PostgreSQL Enterprise Bacula Plugin Quick Guide

This quick guide presents several techniques and strategies for PostgreSQL backup with Bacula Enterprise.

The PostgreSQL plugin is designed to simplify and automate the backup and restore procedure of the PostgreSQL database or cluster, dismissing the use of complex scripts. The plugin also backs up essential information such as setting users or tablespaces, supporting both both the dump technique and Point In Time Recovery (PITR).

This plugin is available for several Linux 32/64bit platforms, and officially supports and supports versions of PostgreSQL 8.4, 9.0.x, 9.1.x, 9.2.x and higher.

Installation

The PostgreSQL Plugin is unique to Bacula Enterprise and can be downloaded from the contractor’s repository. Contact us to obtain it.

To install the separate package on the machine that already has the Bacula client installed in the same version (e.g.):

rpm -ivh bacula-enterprise-postgresql-plugin-8.8.5-1.el7.x86_64.rpm

Restart the Bacula client after installing the plugin. The status client command should show that the client loaded the plugin successfully.

The plugin can be installed on the same machine or any other one with network access to the PostgreSQL service and also the “postgresql-client” package, or equivalent.

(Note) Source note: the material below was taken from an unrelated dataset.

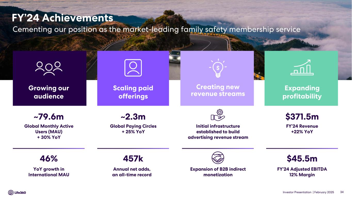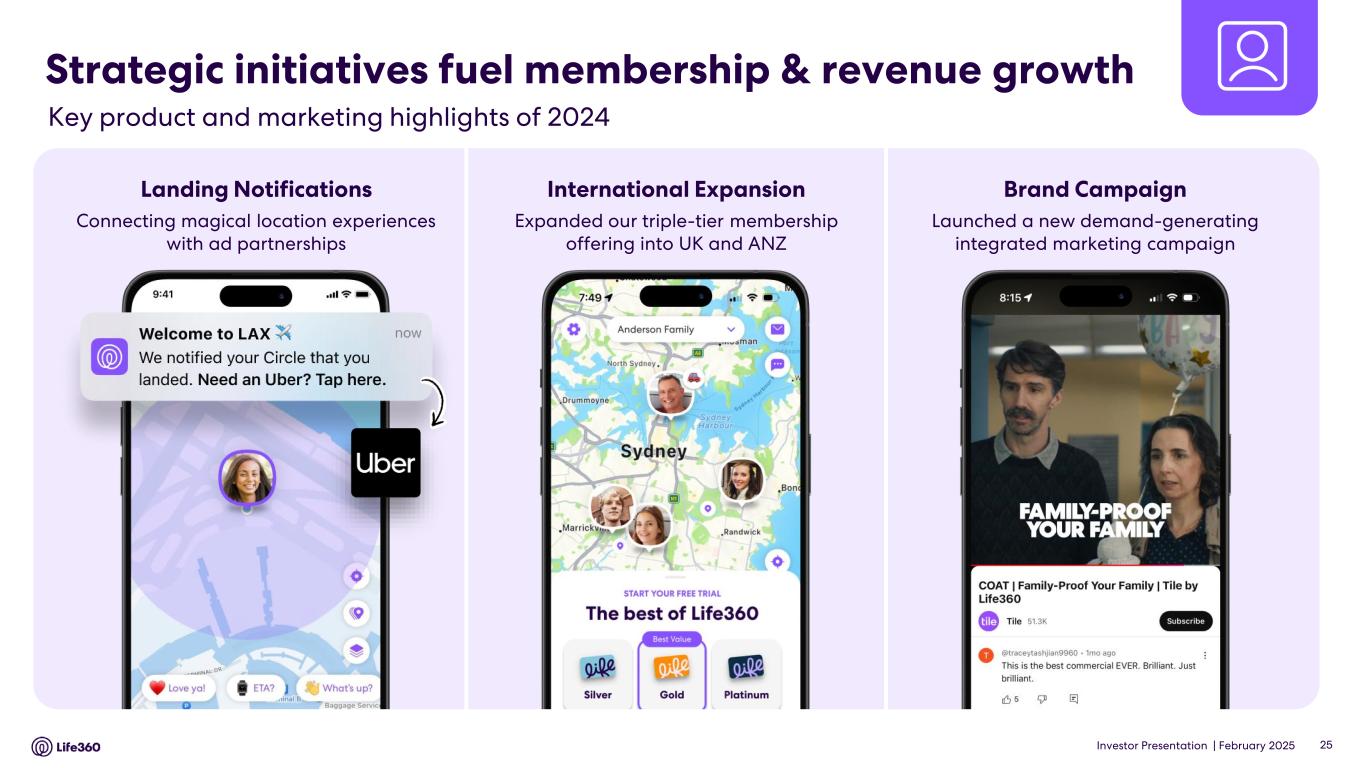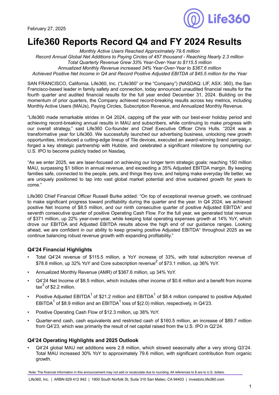 February 27, 2025 Life360 Reports Record Q4 and FY 2024 Results Monthly Active Users Reached Approximately 79.6 million Record Annual Global Net Additions to Paying Circles of 457 thousand - Reaching Nearly 2.3 million Total Quarterly Revenue Grew 33% Year-Over-Year to $115.5 million Annualized Monthly Revenue increased 34% Year-Over-Year to $367.6 million Achieved Positive Net Income in Q4 and Record Positive Adjusted EBITDA of $45.5 million for the Year SAN FRANCISCO, California. Life360, Inc. (“Life360” or the “Company”) (NASDAQ: LIF, ASX: 360), the San Francisco-based leader in family safety and connection, today announced unaudited financial results for the fourth quarter and audited financial results for the full year ended December 31, 2024. Building on the momentum of prior quarters, the Company achieved record-breaking results across key metrics, including Monthly Active Users (MAUs), Paying Circles, Subscription Revenue, and Annualized Monthly Revenue. “Life360 made remarkable strides in Q4 2024, capping off the year with our best-ever holiday period and achieving record-breaking annual results in MAU and subscribers, while continuing to make progress with our overall strategy,” said Life360 Co-founder and Chief Executive Officer Chris Hulls. “2024 was a transformative year for Life360. We successfully launched our advertising business, unlocking new growth opportunities, introduced a cutting-edge lineup of Tile devices, executed an award-winning brand campaign, forged a key strategic partnership with Hubble, and celebrated a significant milestone by completing our U.S. IPO to become publicly traded on Nasdaq. “As we enter 2025, we are laser-focused on achieving our longer term strategic goals: reaching 150 million MAU, surpassing $1 billion in annual revenue, and exceeding a 35% Adjusted EBITDA margin. By keeping families safe, connected to the people, pets, and things they love, and helping make everyday life better, we are uniquely positioned to tap into vast global market potential and drive sustained growth for years to come.” Life360 Chief Financial Officer Russell Burke added: “On top of exceptional revenue growth, we continued to make significant progress toward profitability during the quarter and the year. In Q4 2024, we achieved positive Net Income of $8.5 million, and our ninth consecutive quarter of positive Adjusted EBITDA¹ and seventh consecutive quarter of positive Operating Cash Flow. For the full year, we generated total revenue of $371 million, up 22% year-over-year, while keeping total operating expenses growth at 14% YoY, which drove our EBITDA and Adjusted EBITDA results above the high end of our guidance ranges. Looking ahead, we are confident in our ability to keep growing positive Adjusted EBITDA¹ throughout 2025 as we continue balancing robust revenue growth with expanding profitability.” Q4’24 Financial Highlights • Total Q4’24 revenue of $115.5 million, a YoY increase of 33%, with total subscription revenue of $78.8 million, up 32% YoY and Core subscription revenue2 of $73.1 million, up 36% YoY. • Annualized Monthly Revenue (AMR) of $367.6 million, up 34% YoY. • Q4’24 Net Income of $8.5 million, which includes other income of $0.6 million and a benefit from income tax3 of $2.2 million. • Positive Adjusted EBITDA1 of $21.2 million and EBITDA1 of $8.4 million compared to positive Adjusted EBITDA1 of $8.9 million and an EBITDA1 loss of $(2.0) million, respectively, in Q4’23. • Positive Operating Cash Flow of $12.3 million, up 38% YoY. • Quarter-end cash, cash equivalents and restricted cash of $160.5 million, an increase of $89.7 million from Q4’23, which was primarily the result of net capital raised from the U.S. IPO in Q2’24. Q4’24 Operating Highlights and 2025 Outlook • Q4’24 global MAU net additions were 2.8 million, which slowed seasonally after a very strong Q3’24. Total MAU increased 30% YoY to approximately 79.6 million, with significant contribution from organic growth. Note: The financial information in this announcement may not add or recalculate due to rounding. All references to $ are to U.S. dollars. Life360, Inc. | ARBN 629 412 942 | 1900 South Norfolk St, Suite 310 San Mateo, CA 94403 | investors.life360.com 1

Tools such as pg_dump and psql should be available, and the plugin uses the postgres user to access the banks without a password.

This configuration (which is the default) can be done with the following entry in your pg_hba.conf. This entry should be first on the list.

local    all     postgres     ident

If you are accessing the remote database or are unable to disable the password communication method, you can set the password through a pgpass file.

Configuration

The Oracle plugin supports the following methods: custom Bacula Dump Streams and PITR. In the first, restoration of databases and granular components as base schema can be selected directly and automatically by Bacula, and certain banks can be filtered from the backup, but differential and incremental backup rely on Bacula’s block-level depuplication. In PITR, the Postgresql Archive Log configuration is required, providing the DBA with options for restoring bank transactions at different times of the day, not just when the backup is performed. Differential and incremental backups are also native to the PITR technique.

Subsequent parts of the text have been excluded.